Le Musée des Arts de l’Asie de la Ville de Paris, le musée Cernuschi, présente une exposition rare sur la peinture moderne vietnamienne. Subjectivité oblige, « Du fleuve rouge au Mékong – Visions du Viêt Nam » – titre inspiré de l’ouvrage de Marc Charbonne, Visions de l’Indochine – est un régal pour les yeux et le coeur!

Encore aujourd’hui, le terme Indochine se pare d’un exotisme tout imaginaire. Créé par un décret du 11 novembre 1887, ce vaste territoire englobe le Tonkin (actuel nord Viêt Nam), arrosé par le fleuve rouge, l’Annam (centre Viêt Nam) et la Cochinchine (sud Viêt Nam), irriguée par le delta du Mékong. Plus tard le Cambodge et le Laos viendront s’y rattacher.

Des missionnaires tel le Père Alexandre de Rhodes au XVIIe siècle, puis des amiraux conduisent des expéditions en Asie du sud-est à partir du milieu du XIXe siècle. En 1866, le capitaine de frégate Ernest Doudart de Lagrée (1823-1868), explorateur passionné d’archéologie, mène une mission scientifique à partir de Saigon. Francis Garnier et le dessinateur Louis Delaporte, futur directeur du musée indochinois du Trocadéro, y participent.

Par ailleurs, les expositions coloniales attisent la curiosité des Français. Plus lointains que le Maghreb de Delacroix ou la Turquie d’Ingres, l’Indochine exerce un nouvel attrait.

Gaston Roullet (1847-1925), correspondant du Monde illustré, suit la voie des explorateurs.
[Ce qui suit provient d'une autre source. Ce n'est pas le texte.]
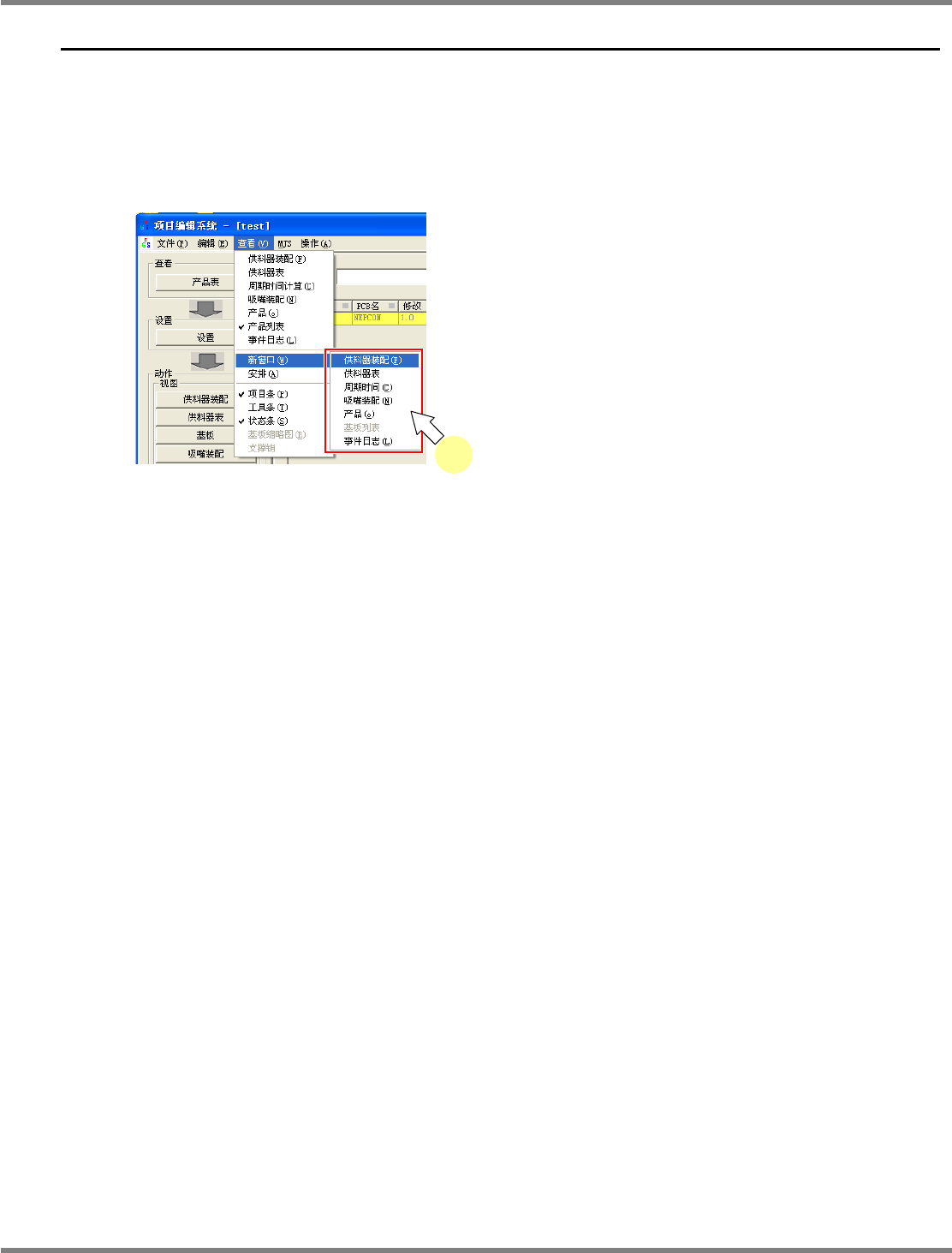 NPM-DGS 程序手册 7.13 数据编制工作的方便的使用方法 EJS9AC-MB-07P-03 Page 7-161 7.13 数据编制工作的方便的使用方法 可在数据编制工作中根据必要打开复 数视图画面,并列显示。使用在 如下所示情况的话,很方便。 同时确认供料器装配画面和吸嘴装配 画面。 打开 2 个供料器装配画面,在分散设 置的机器之间进行元件的移动和 拷贝。 从新添加打开视图画面 1 选择菜单栏的 [ 查看 ] …

La Société des peintres orientalistes, créée en 1893 et présidée par Léonce Bénédite, conservateur du musée du Luxembourg à Paris, encourage les artistes admiratifs des civilisations lointaines. La Société crée le prix de l’Indochine (1910) et leur offre les frais de voyage.

En 1924, le gouvernement français publie une ordonnance permettant la création de l’Ecole des beaux-arts de l’Indochine (E.D.B.A.I). Elle voit le jour en 1925 et se fonde sur le modèle de l’Ecole des beaux-arts de Paris.
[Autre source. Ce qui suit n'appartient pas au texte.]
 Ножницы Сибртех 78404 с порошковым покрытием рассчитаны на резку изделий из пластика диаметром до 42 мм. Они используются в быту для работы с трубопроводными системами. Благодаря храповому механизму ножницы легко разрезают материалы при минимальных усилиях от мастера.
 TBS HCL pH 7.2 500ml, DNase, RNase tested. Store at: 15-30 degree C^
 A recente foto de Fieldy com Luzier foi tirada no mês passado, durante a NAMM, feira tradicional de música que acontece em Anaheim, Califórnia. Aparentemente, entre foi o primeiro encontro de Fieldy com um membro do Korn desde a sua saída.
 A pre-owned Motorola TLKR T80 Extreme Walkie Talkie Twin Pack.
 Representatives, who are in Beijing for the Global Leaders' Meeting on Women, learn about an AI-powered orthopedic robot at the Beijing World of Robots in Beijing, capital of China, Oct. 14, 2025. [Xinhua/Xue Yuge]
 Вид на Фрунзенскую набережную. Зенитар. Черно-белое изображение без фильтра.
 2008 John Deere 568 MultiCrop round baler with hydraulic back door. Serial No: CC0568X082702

Cette création marque un tournant décisif dans l’histoire d’art moderne vietnamien. Victor Tardieu (1870-1937), peintre d’origine lyonnaise, forme des artistes locaux avec son élève Nguyen Nam Son (1890-1973). Tardieu recrute à Paris le peintre Joseph Inguimberty (1896-1971) chargé de l’enseignement des arts décoratifs. Ce dernier, avec Alix Aymé (1894-1989), s’engage dans le renouveau de la laque traditionnelle vietnamienne.

L’exposition permet de découvrir les oeuvres des peintres français rapportant des aquarelles et des gouaches – matériaux les plus pratiques pour voyager – d’Indochine. Puis les quelques huiles réalisées par des artistes vietnamiens formés à l’EDBAI.
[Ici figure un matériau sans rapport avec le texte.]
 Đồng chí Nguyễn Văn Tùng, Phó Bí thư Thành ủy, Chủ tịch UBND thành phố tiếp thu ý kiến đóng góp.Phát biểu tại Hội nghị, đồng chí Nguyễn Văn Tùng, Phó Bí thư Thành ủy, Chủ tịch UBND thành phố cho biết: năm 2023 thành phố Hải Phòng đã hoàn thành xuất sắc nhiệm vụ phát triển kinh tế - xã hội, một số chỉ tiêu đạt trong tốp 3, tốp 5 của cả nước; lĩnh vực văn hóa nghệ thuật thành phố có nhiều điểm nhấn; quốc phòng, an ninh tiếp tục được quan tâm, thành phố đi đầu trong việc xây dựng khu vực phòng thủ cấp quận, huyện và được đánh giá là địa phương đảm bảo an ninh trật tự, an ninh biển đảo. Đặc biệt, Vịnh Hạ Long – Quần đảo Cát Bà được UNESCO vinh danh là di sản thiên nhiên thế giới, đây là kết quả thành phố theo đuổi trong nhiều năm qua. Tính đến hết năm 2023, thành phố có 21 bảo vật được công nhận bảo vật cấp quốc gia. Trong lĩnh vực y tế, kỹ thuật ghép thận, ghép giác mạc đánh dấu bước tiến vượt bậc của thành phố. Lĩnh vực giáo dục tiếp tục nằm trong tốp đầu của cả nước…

Plus proche de leur culture, la peinture sur laque poncée (Nguyen Thanh Lê, 1919-?) et les couleurs sur soie gagnent l’estimation des artistes vietnamiens. En particulier, Lê Pho (1907-2001), Mai Trung Thur (1906-1980) et  Nguyen Phan Chanh (1892-1984). Ce dernier parvient à synthétiser les esthétiques orientale (calligraphie, sceaux, aplats colorés, vie de famille centrée autour des activités féminines) et occidentale (rendu des volumes, perspective).

Des oeuvres d’une finesse remarquable, douces au regard, envoûtantes pour l’âme.